New York Mets – No. 94
- Pitcher
- Born: January 20, 2000 (age 26) Hudson, Illinois, U.S.
- Bats: LeftThrows: Left

MLB debut
- August 4, 2026, for the New York Mets

MLB statistics (through September 22, 2026)
- Win–loss record: 1–0
- Earned run average: 1.83
- Strikeouts: 25
- Stats at Baseball Reference

Teams
- New York Mets (2026–present);

= Nate Lavender =

American baseball player (born 2000)

Nathan James Lavender (born January 20, 2000) is an American professional baseball pitcher for the New York Mets of Major League Baseball (MLB). He made his MLB debut in 2026.

== Career ==
Lavender attended El Paso–Gridley High School in El Paso, Illinois, and played college baseball at University of Illinois Urbana-Champaign. In 2019, he played collegiate summer baseball with the Hyannis Harbor Hawks of the Cape Cod Baseball League. He was drafted by the New York Mets in the 14th round of the 2021 Major League Baseball draft.

Lavender made his professional debut with the Florida Complex League Mets. In 2022, he played for the St. Lucie Mets and Brooklyn Cyclones. He started 2023 with the Binghamton Rumble Ponies before being promoted to the Syracuse Mets.

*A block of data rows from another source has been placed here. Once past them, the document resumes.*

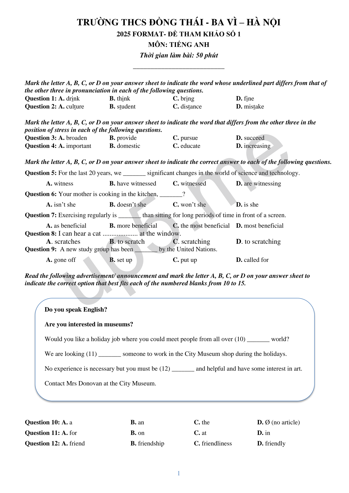 2025 FORMAT- ĐỀ THAM KHẢO SỐ 1
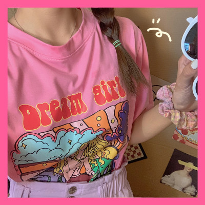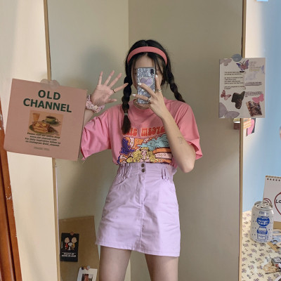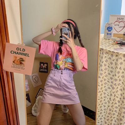 Real print short sleeve French fairy round neck T-shirt + purple skirt
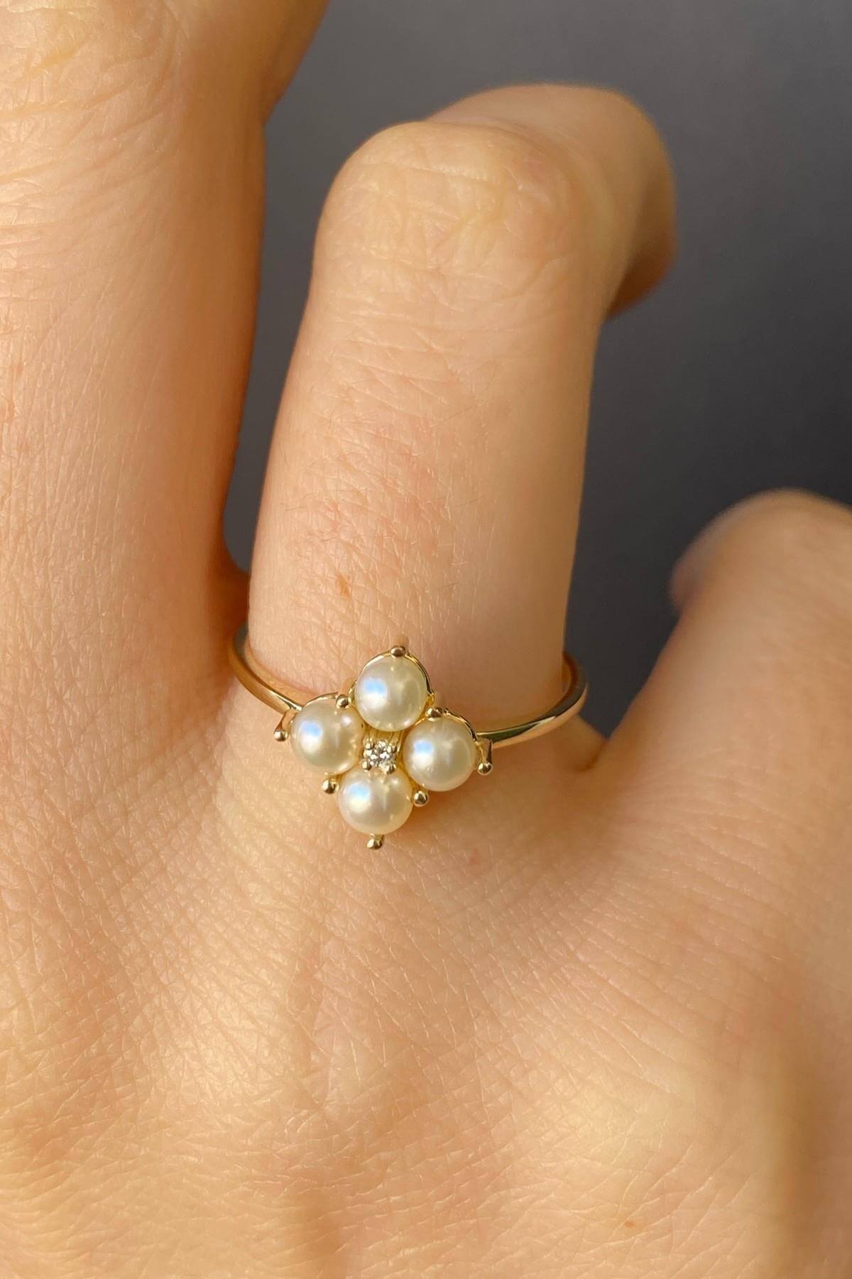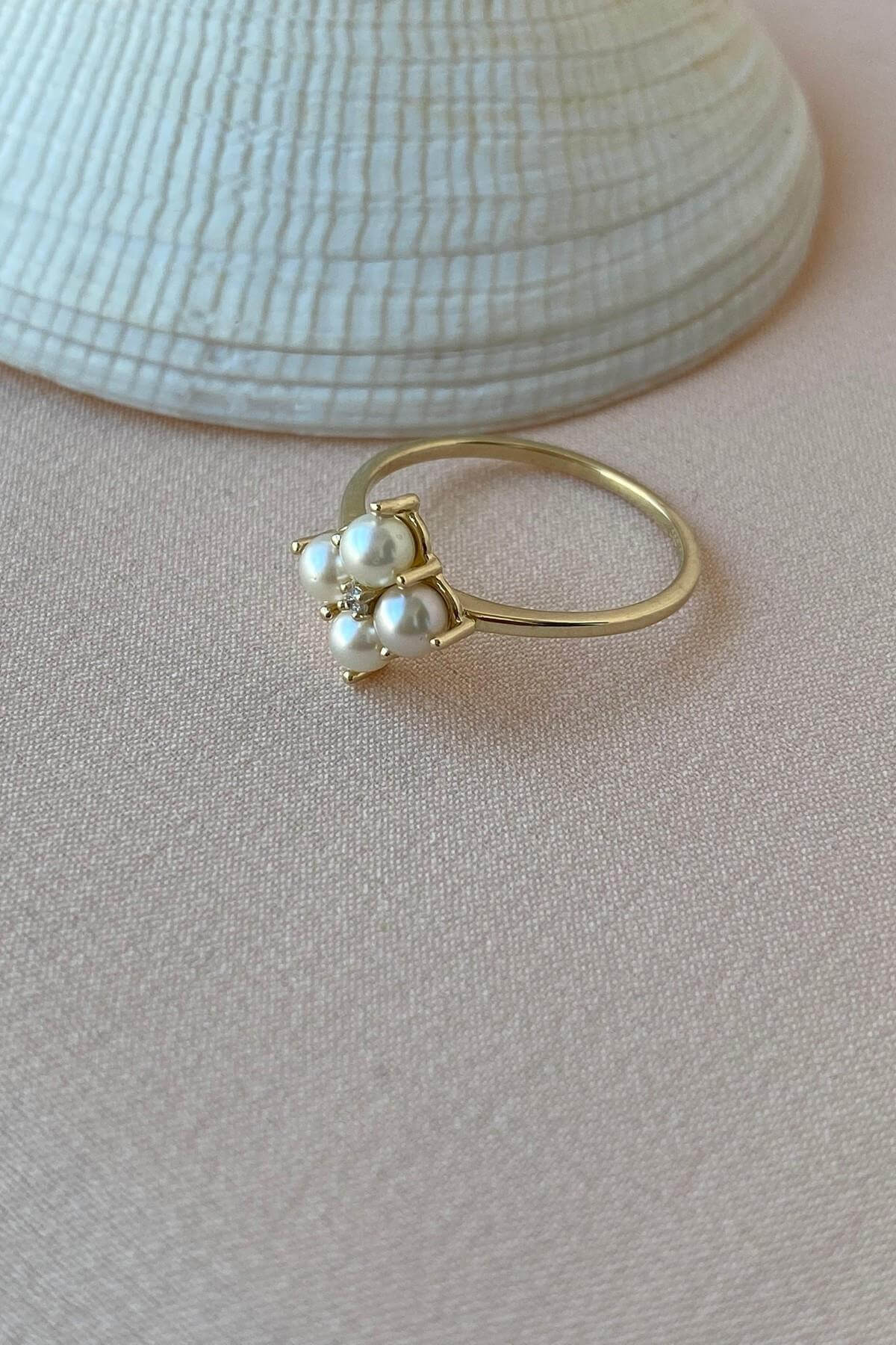Ürün Adı: 14 Ayar Altın Dört Doğal İncili 0,06 Karat Pırlanta Yüzük
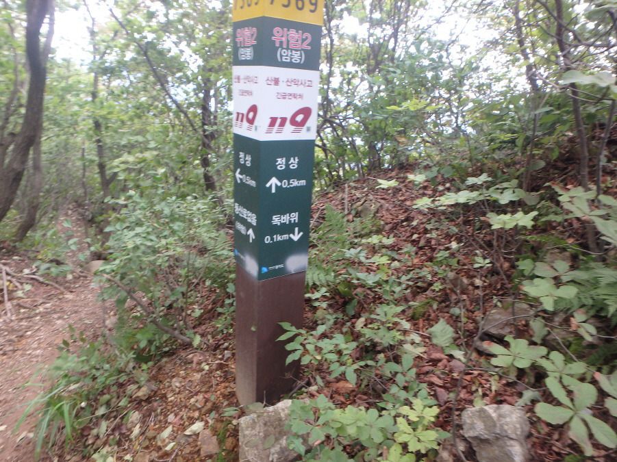 (11;22) 119 소방서 독바위 안내목(독바위0.1km/정상0.5km/등산로 없음)입니다.
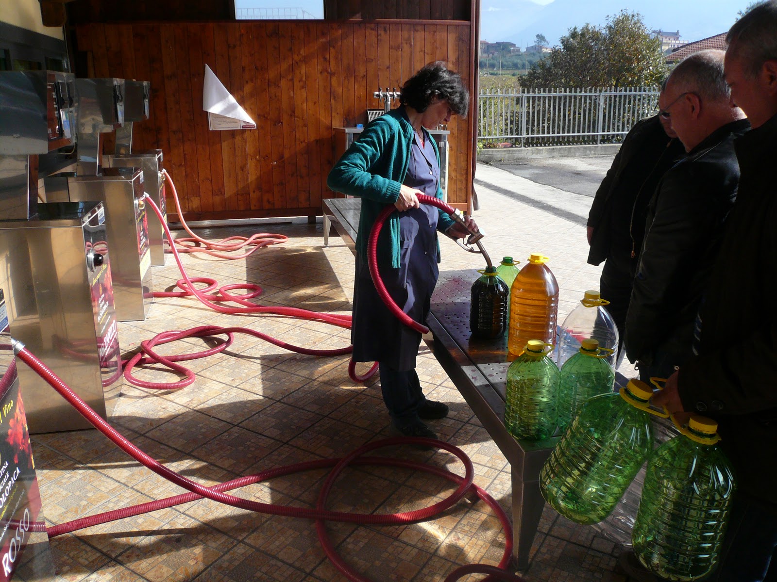 Okay so we heard about this winery in Solopaca. Unfortunately, it is only open on Saturdays. Since Howard left for CA today, we pilled in the Hatteroth's car for a family outing. It was a pretty drive through the country. The leaves were actually starting to change out there so it finally looked like fall here. Many of the tree were a pretty orange but when we got up close we realized they had actual oranges on them and no leaves! Funny! The winery was the actual manufacturing plant for the wine. They had many different bottles to choose from. It was a typical wine store. They did sell wine in damijohns which we were super excited about. For 6 euros, you could get a 5 liter damijohn of wine. We thought it was a great deal and planned on getting two each. The neatest part of the winery is the fact that they fill up bottles using gas pumps! They greet you before you enter the store. So many customers just pulled their cars up to the pumps and then woman filled the up. You could pick different types of wine and whether you wanted white or red wine. It was the coolest thing! So many people had the 24 liter damijohn in their car and pulled up to the pump to fill up! We really wanted the damijohns but we also wanted to have the lady fill something for us. Then we found out you could get a damijohn filled. We were so excited. It seems so silly, but it was so cool to stand at the pump and have the lady fill our bottle with wine. An Italian, who spoke English, told us we had stumbled upon a great place. He said it was the best tasting wine around! He told us we were fortunate to have found this place! We agreed. This was a really cool experience! Then we went in to pay. The wine was 4 euros and the damijohns were 2 euros each. Since we both got two 5 liter damijohns, we expected to pay 24 euros. When the man rang us up, it only came to 14 euros!! We were surprised, shocked and not sure what to do. So we just decided to hide our smiles and get in the car and go!! Janelle, James and I were so excited about our trip and we have not even tasted one sip of wine! If it is as good as the man said, this will be a fabulous day!!

On May 17, 2024, Lavender underwent a variation of Tommy John surgery in which an internal brace was added to his elbow ligament. He subsequently missed the remainder of the season as a result of the procedure.

On December 11, 2024, Lavender was selected by the Tampa Bay Rays eighth overall in the Rule 5 draft. He missed the entirety of the 2025 season in recovery from surgery. Lavender was designated for assignment by the Rays on November 6, 2025.

On November 12, 2025, Lavender was returned to the Mets organization. He made 25 appearances for Triple–A Syracuse, compiling a 2–2 record and 3.27 ERA with 53 strikeouts and two saves. On August 4, 2026, Lavender was selected to the 40–man roster and promoted to the major leagues for the first time. He made his major league debut that night.